- Title: Director of Tyson Research Center at Washington University in St. Louis

= Kim Medley =

American environmental scientist

Kim Medley is an American environmental scientist and the director of Tyson Research Center at Washington University in St. Louis since 2016. She is known for her work on the influence of human disturbance on the ecological and evolutionary processes of disease vectors, such as mosquitoes and their pathogens. Her work also includes examining human impacts on vector ecology understanding how human activities altered ecological processes, which further influence trajectories of evolution.

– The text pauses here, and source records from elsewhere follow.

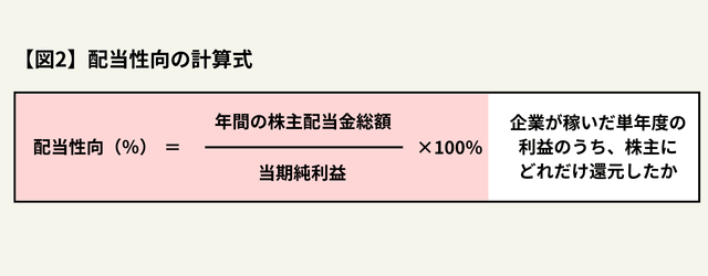 配当性向は、「事業の利益のうち、どれだけを株主に分配するか」の割合です。【図2】は配当性向の計算式です。
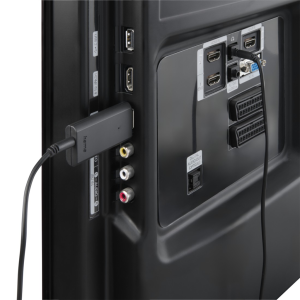 • USB vysílač se připojí do USB zásuvky na TV a jack kabelm propojí s audio výstupem TV
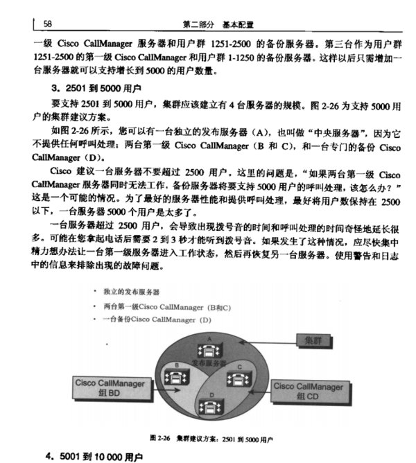 . 第8章:安装、备份和升级——除非安装操作得不正确,否则安装一台Cisco CallManager服务器不会影响Cisco CallManager的呼叫处理、注册及其他特性。合适的设计对搭建一个良好的Cisco CallManager集群是很关键的。本章着重介绍Cisco CallManager服务器的安装、安装后期任务和Cisco CallManager集群的升级过程。
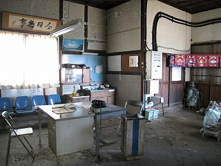 とりあえずと、いそいそと駅舎に向かうと、50代くらいのしわがれた男の会話が聞こえてくる。私は客だからと、そのまま待合に入ると、二人の作業姿の男性が煙草吸いながら休憩していた。目が合う。その二人とも無言になる。たぶん遠方からの客が降りるなんて思いもしなかったのだろう。
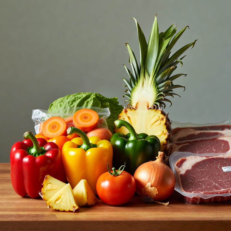 A wooden table displays a vibrant assortment of fresh produce including red, yellow, and green bell peppers, orange carrots, lettuce in plastic wrap, onions, and tomatoes. Sliced pineapple chunks and a whole pineapple with green top are prominently featured. Packages of raw red meat are placed alongside the vegetables.

Her dissertation focused on human-mediated dispersal and its influence on gene flow and adaptive evolution, which was awarded Outstanding Dissertation, 2012-UCF College of Sciences and Excellence in Graduate Research Award. She further explored this topic and continued her study on Asian tiger mosquitoes. Medley earned a Ph.D. in conservation biology, ecology and organismal biology from University of Central Florida, an M.S. from Missouri State University, and a B.A. from Drury University. Before joining Tyson Research Center at Washington University in St. Louis, she worked as a postdoctoral research assistant at University of Central Florida and as a graduate research assistant before that.

Medley received an International Biogeography Society Travel Award in 2009. She is a biodiversity fellow at Living Earth Collaborative at Washington University since 2018.